Prepare an `.h5ad` file with the information needed by the notebooks:

- raw counts, preferably in `adata.layers["raw_counts"]`; if raw counts are in
  `adata.X`, the first notebook can copy them into `adata.layers["raw_counts"]`;
- spatial coordinates in `adata.obsm["spatial"]`;
- a nearest-neighbor graph for smoothing, usually from `scanpy.pp.neighbors`;
- an `adata.obs` column that identifies normal or healthy reference cells for
  `infercnvpy`;
- the exact category names in that reference column that should be used as the
  normal reference, for example immune, stromal, or other non-tumor cell types;
- gene names that can be matched to genomic coordinates. The package includes
  the default `infercnvpy` gene coordinate table, and the notebooks show where
  to adjust this if your gene annotation differs.

Do not use normalized or log-transformed values as raw counts.
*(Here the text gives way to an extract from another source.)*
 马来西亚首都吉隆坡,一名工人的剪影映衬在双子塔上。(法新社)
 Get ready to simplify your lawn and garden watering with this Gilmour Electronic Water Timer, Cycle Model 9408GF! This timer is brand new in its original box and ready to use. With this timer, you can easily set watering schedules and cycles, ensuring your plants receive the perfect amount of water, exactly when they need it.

The CNV workflow
normalizes, smooths, and log-transforms the raw counts itself.

## Notebook Workflow

Run the notebooks in order for your own dataset, editing the setup cells at the
top of each notebook.

### 1. Run InSituCNV

`notebooks/run_insitucnv.ipynb`

Use this notebook to run the full CNV analysis step by step:

- load your spatial transcriptomics `.h5ad` file;
- choose the raw count layer name with `RAW_LAYER`;
- choose the normal/reference annotation with `REFERENCE_KEY` and
  `REFERENCE_CATEGORIES`;
- normalize raw counts;
- smooth normalized counts over the neighbor graph;
- add genomic positions;
- run `infercnvpy`;
- cluster CNV profiles across selected Leiden resolutions;
- visualize chromosome heatmaps and spatial CNV cluster plots.

After reviewing the heatmap and spatial plot, manually edit:

- `NORMAL_CLUSTERS`;
- `TUMOR_CLUSTERS`, if you want to specify tumor clusters directly;
- `TUMOR_CLONE_CLUSTERS`, if some tumor clusters have distinct enough CNV
  profiles to report as separate tumor clones.

No cluster is marked as normal automatically.

## Outputs

The notebooks write results under their configured output directories, usually
`results/...` or `outputs/...`. Typical outputs include:

- checked input `.h5ad` files;
- AnnData objects with CNV values and CNV cluster labels;
- CNV chromosome heatmaps;
- spatial CNV cluster plots;
- optional manually annotated tumor/normal and tumor-clone cell group tables;
- optional mean CNV profiles for manually selected tumor cells.